• What is expected:
Take the lines below between the one holding "Lifts bar from" and the one holding "Black Solid Scalloped One-Shoulder Bikini", inclusive, and copy them exactly. Add nothing.

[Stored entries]
■ ■ ■ ■ ■ ■ ■

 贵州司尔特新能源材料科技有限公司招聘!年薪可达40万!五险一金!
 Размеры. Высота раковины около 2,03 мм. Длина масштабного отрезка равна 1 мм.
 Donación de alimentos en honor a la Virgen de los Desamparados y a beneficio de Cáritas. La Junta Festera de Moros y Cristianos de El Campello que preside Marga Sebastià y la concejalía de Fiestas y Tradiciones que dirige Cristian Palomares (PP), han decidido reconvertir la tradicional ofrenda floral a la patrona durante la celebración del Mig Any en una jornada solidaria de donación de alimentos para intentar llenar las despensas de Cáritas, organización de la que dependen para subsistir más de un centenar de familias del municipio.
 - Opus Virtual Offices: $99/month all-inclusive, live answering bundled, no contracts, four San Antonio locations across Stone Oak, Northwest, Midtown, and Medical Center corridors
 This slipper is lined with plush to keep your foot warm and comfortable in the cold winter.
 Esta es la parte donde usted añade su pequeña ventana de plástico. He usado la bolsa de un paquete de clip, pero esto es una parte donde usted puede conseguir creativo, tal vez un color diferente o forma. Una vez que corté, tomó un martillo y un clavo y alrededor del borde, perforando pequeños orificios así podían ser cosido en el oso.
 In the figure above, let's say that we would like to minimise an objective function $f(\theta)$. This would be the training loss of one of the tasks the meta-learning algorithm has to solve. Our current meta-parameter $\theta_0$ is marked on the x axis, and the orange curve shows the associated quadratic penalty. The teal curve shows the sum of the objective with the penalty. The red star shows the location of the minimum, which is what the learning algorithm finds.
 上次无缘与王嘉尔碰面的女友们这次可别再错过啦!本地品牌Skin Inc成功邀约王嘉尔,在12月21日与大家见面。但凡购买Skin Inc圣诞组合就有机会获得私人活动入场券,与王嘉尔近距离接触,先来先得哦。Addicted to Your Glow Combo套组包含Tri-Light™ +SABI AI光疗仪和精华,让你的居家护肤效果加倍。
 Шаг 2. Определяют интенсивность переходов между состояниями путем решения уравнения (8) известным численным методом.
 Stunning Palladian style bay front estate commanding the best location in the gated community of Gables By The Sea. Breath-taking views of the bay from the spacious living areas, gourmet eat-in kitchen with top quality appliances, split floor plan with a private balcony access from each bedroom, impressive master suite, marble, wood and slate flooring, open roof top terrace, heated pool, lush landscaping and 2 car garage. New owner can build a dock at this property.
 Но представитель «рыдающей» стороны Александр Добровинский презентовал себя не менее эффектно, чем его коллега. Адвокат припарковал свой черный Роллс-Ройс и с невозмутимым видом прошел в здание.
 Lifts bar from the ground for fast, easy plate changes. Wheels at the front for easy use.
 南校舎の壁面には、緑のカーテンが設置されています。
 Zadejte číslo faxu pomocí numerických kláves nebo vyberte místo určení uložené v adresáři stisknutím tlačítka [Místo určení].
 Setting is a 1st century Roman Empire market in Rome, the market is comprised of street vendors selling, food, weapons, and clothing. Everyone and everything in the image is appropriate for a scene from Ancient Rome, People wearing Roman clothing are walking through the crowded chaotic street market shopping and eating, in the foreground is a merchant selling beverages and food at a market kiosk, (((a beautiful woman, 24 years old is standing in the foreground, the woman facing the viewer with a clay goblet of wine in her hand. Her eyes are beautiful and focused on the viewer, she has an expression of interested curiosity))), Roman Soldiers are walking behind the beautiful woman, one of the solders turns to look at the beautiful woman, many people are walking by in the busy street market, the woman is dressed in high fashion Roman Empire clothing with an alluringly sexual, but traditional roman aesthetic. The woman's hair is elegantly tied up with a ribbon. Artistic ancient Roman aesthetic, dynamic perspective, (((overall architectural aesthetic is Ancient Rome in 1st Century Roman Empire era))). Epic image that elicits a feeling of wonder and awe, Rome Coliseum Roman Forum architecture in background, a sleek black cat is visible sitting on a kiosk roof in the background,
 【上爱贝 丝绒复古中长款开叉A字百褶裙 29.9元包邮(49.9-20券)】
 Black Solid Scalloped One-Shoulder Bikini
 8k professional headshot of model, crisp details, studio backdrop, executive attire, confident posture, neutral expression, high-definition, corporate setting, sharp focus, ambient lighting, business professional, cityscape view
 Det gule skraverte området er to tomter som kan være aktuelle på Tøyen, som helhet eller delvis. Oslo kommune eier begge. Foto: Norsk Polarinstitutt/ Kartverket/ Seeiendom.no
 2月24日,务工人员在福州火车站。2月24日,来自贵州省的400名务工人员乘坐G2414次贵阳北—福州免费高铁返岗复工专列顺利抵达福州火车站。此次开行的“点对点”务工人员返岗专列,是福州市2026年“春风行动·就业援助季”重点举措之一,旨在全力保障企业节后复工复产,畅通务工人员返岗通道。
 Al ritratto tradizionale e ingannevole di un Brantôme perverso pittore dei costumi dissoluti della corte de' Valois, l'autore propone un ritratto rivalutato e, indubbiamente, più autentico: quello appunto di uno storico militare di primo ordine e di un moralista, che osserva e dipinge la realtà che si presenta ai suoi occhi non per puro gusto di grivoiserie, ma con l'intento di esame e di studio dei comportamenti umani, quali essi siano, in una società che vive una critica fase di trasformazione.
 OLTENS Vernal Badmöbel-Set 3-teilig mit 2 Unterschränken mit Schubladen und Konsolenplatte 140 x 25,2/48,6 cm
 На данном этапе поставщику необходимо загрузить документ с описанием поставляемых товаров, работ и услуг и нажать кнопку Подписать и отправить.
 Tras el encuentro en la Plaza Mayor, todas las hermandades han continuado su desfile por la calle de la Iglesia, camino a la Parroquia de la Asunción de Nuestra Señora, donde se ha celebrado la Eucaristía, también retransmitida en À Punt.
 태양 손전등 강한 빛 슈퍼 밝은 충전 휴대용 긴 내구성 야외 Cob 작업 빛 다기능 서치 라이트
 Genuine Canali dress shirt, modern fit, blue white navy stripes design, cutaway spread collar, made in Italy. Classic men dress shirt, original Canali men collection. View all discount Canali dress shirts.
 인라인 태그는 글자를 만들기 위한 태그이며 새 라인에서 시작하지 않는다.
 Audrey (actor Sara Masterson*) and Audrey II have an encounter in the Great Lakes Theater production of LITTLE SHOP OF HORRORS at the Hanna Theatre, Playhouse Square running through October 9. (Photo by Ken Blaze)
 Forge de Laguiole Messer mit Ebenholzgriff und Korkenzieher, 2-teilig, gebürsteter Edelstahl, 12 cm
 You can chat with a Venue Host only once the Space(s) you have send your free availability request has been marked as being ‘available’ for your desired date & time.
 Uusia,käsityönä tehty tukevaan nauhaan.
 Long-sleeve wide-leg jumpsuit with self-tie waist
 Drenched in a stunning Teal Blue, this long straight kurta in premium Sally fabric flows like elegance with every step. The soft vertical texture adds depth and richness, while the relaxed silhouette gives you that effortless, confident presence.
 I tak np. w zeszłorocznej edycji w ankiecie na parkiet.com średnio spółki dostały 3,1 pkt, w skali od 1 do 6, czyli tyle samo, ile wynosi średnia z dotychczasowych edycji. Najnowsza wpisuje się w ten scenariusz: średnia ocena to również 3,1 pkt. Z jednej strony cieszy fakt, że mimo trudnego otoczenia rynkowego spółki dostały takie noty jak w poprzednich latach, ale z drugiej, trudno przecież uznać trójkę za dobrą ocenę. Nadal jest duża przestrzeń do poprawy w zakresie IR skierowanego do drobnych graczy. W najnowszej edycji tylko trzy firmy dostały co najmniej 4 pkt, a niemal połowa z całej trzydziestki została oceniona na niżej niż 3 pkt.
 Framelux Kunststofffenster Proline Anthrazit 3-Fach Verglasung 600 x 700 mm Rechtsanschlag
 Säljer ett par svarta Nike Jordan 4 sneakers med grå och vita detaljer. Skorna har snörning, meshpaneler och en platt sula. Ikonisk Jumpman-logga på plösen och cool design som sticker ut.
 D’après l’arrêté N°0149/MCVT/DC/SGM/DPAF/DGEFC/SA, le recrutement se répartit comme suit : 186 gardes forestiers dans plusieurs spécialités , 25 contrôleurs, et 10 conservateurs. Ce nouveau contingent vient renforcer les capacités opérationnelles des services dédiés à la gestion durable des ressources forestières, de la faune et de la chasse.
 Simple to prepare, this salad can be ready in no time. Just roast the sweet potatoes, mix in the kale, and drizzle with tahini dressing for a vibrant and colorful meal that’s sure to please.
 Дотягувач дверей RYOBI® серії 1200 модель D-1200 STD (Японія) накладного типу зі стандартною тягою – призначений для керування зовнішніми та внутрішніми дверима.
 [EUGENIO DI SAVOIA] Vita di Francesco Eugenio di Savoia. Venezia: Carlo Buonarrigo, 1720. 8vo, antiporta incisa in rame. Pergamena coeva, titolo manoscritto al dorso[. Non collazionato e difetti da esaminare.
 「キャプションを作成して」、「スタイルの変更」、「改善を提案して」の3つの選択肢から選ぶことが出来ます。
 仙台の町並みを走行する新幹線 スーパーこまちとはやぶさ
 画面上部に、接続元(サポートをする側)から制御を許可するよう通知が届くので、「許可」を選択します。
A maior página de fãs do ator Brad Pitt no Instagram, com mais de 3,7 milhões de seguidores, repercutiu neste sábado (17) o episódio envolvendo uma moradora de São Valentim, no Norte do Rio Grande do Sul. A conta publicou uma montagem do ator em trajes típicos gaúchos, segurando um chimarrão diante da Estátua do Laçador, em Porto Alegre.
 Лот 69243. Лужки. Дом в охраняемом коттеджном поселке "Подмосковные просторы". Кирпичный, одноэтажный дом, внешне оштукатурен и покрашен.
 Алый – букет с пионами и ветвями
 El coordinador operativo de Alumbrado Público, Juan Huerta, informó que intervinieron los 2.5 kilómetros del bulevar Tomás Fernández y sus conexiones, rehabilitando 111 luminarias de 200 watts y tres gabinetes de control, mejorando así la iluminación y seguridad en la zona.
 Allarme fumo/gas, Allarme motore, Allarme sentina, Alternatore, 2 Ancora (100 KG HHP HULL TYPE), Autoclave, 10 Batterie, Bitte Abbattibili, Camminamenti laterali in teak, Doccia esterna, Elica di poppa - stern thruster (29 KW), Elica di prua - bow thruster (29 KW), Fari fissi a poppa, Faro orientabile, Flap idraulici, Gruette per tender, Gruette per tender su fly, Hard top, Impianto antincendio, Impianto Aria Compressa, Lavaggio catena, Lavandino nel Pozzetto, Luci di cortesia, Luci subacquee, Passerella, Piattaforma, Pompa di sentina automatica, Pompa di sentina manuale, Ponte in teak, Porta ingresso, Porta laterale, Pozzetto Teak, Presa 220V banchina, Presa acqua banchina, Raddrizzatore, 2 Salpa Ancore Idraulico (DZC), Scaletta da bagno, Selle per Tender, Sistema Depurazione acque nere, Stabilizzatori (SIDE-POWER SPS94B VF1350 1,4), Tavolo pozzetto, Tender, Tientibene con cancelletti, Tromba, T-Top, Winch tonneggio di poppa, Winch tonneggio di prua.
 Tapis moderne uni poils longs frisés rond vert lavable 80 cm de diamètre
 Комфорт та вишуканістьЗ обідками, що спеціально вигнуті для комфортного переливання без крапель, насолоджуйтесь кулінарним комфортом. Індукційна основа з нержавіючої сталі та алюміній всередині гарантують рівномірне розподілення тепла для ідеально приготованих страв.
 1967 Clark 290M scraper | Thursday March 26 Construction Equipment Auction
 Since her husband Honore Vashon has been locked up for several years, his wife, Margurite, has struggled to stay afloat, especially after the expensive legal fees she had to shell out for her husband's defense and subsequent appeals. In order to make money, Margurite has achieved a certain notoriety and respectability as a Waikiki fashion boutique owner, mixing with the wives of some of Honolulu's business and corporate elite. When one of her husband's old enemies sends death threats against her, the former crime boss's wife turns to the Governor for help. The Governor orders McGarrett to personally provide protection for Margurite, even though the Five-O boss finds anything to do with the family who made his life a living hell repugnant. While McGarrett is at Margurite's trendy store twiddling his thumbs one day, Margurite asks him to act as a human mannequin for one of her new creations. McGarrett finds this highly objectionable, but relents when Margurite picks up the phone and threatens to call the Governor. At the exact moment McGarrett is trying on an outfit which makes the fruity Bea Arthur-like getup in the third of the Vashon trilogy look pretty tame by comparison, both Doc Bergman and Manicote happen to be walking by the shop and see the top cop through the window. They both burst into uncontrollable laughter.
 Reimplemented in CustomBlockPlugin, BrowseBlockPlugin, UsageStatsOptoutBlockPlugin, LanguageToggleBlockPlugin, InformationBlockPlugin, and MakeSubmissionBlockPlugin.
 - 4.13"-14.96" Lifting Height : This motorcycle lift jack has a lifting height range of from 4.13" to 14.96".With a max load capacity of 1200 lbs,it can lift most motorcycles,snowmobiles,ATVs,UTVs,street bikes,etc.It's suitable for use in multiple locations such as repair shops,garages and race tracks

■ ■ ■ ■ ■ ■ ■

• Reply:
 Lifts bar from the ground for fast, easy plate changes. Wheels at the front for easy use.
 南校舎の壁面には、緑のカーテンが設置されています。
 Zadejte číslo faxu pomocí numerických kláves nebo vyberte místo určení uložené v adresáři stisknutím tlačítka [Místo určení].
 Setting is a 1st century Roman Empire market in Rome, the market is comprised of street vendors selling, food, weapons, and clothing. Everyone and everything in the image is appropriate for a scene from Ancient Rome, People wearing Roman clothing are walking through the crowded chaotic street market shopping and eating, in the foreground is a merchant selling beverages and food at a market kiosk, (((a beautiful woman, 24 years old is standing in the foreground, the woman facing the viewer with a clay goblet of wine in her hand. Her eyes are beautiful and focused on the viewer, she has an expression of interested curiosity))), Roman Soldiers are walking behind the beautiful woman, one of the solders turns to look at the beautiful woman, many people are walking by in the busy street market, the woman is dressed in high fashion Roman Empire clothing with an alluringly sexual, but traditional roman aesthetic. The woman's hair is elegantly tied up with a ribbon. Artistic ancient Roman aesthetic, dynamic perspective, (((overall architectural aesthetic is Ancient Rome in 1st Century Roman Empire era))). Epic image that elicits a feeling of wonder and awe, Rome Coliseum Roman Forum architecture in background, a sleek black cat is visible sitting on a kiosk roof in the background,
 【上爱贝 丝绒复古中长款开叉A字百褶裙 29.9元包邮(49.9-20券)】
 Black Solid Scalloped One-Shoulder Bikini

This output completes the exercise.